Given records:
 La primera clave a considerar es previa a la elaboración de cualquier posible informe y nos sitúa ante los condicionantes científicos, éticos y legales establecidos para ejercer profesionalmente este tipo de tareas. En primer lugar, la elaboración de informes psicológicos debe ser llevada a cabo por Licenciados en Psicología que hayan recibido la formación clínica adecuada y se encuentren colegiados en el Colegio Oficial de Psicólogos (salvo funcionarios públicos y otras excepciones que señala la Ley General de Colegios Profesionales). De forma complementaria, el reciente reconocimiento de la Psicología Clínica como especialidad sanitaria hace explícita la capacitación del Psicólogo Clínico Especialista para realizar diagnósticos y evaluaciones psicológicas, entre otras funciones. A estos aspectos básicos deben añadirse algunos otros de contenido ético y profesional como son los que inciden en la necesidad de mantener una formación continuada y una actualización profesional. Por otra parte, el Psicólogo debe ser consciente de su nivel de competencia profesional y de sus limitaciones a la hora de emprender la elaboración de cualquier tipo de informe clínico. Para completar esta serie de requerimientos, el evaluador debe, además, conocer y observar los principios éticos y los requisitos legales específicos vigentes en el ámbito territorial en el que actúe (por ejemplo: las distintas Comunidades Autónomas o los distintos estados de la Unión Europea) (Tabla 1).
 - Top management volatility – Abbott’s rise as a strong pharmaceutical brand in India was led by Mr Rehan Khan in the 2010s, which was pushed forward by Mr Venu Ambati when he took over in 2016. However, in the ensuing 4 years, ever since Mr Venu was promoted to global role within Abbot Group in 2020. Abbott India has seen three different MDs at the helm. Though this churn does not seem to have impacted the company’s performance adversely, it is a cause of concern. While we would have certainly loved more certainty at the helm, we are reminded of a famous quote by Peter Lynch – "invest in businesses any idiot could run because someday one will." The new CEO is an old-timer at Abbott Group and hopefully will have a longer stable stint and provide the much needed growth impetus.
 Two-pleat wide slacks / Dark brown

==

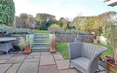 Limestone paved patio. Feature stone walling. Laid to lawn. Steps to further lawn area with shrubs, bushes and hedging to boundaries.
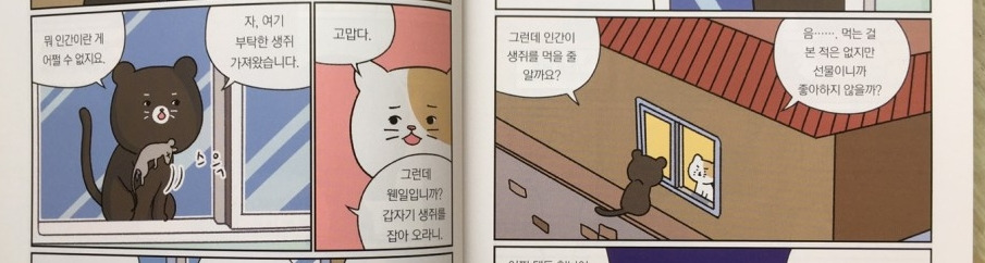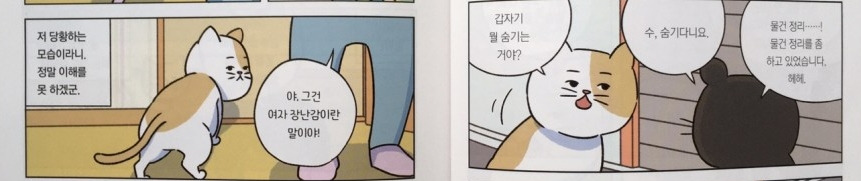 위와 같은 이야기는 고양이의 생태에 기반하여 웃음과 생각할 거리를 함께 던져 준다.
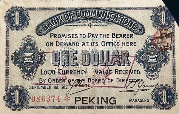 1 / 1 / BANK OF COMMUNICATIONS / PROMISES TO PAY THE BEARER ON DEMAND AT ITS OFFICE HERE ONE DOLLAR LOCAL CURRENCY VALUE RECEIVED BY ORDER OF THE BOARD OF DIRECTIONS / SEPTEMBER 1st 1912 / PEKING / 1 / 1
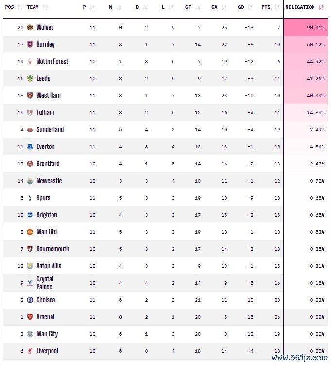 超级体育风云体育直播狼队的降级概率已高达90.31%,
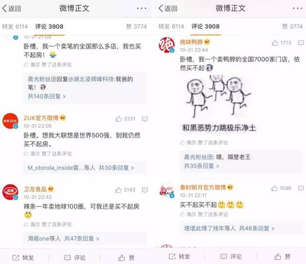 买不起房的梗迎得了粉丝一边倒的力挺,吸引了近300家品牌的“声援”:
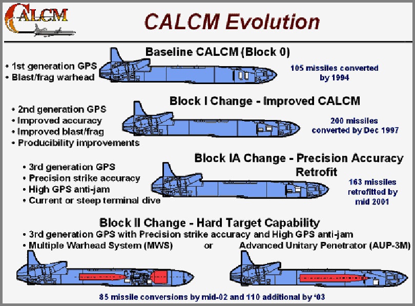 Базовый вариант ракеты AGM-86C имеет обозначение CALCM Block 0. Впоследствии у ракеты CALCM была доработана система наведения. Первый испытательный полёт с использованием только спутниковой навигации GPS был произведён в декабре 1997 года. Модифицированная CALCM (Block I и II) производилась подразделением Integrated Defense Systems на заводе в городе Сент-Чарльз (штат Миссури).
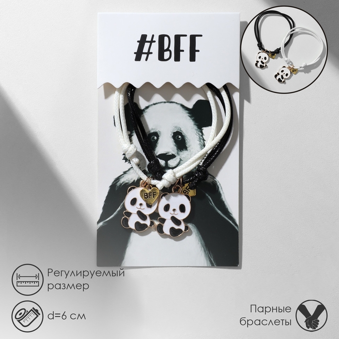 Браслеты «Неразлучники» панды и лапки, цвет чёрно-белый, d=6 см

---

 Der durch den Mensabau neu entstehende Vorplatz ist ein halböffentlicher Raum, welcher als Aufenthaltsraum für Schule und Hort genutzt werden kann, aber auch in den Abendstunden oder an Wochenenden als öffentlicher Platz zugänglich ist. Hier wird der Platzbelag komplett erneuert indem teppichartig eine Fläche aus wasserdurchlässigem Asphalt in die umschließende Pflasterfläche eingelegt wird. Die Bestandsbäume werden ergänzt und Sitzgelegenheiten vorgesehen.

Problem: Take the material above from the line bearing "1 / 1 / BANK" through the line bearing "чёрно-белый, d=6 см" and write it out exactly, both end lines included. Pictures stay out.

Response for this exercise:
 1 / 1 / BANK OF COMMUNICATIONS / PROMISES TO PAY THE BEARER ON DEMAND AT ITS OFFICE HERE ONE DOLLAR LOCAL CURRENCY VALUE RECEIVED BY ORDER OF THE BOARD OF DIRECTIONS / SEPTEMBER 1st 1912 / PEKING / 1 / 1
 超级体育风云体育直播狼队的降级概率已高达90.31%,
 买不起房的梗迎得了粉丝一边倒的力挺,吸引了近300家品牌的“声援”:
 Базовый вариант ракеты AGM-86C имеет обозначение CALCM Block 0. Впоследствии у ракеты CALCM была доработана система наведения. Первый испытательный полёт с использованием только спутниковой навигации GPS был произведён в декабре 1997 года. Модифицированная CALCM (Block I и II) производилась подразделением Integrated Defense Systems на заводе в городе Сент-Чарльз (штат Миссури).
 Браслеты «Неразлучники» панды и лапки, цвет чёрно-белый, d=6 см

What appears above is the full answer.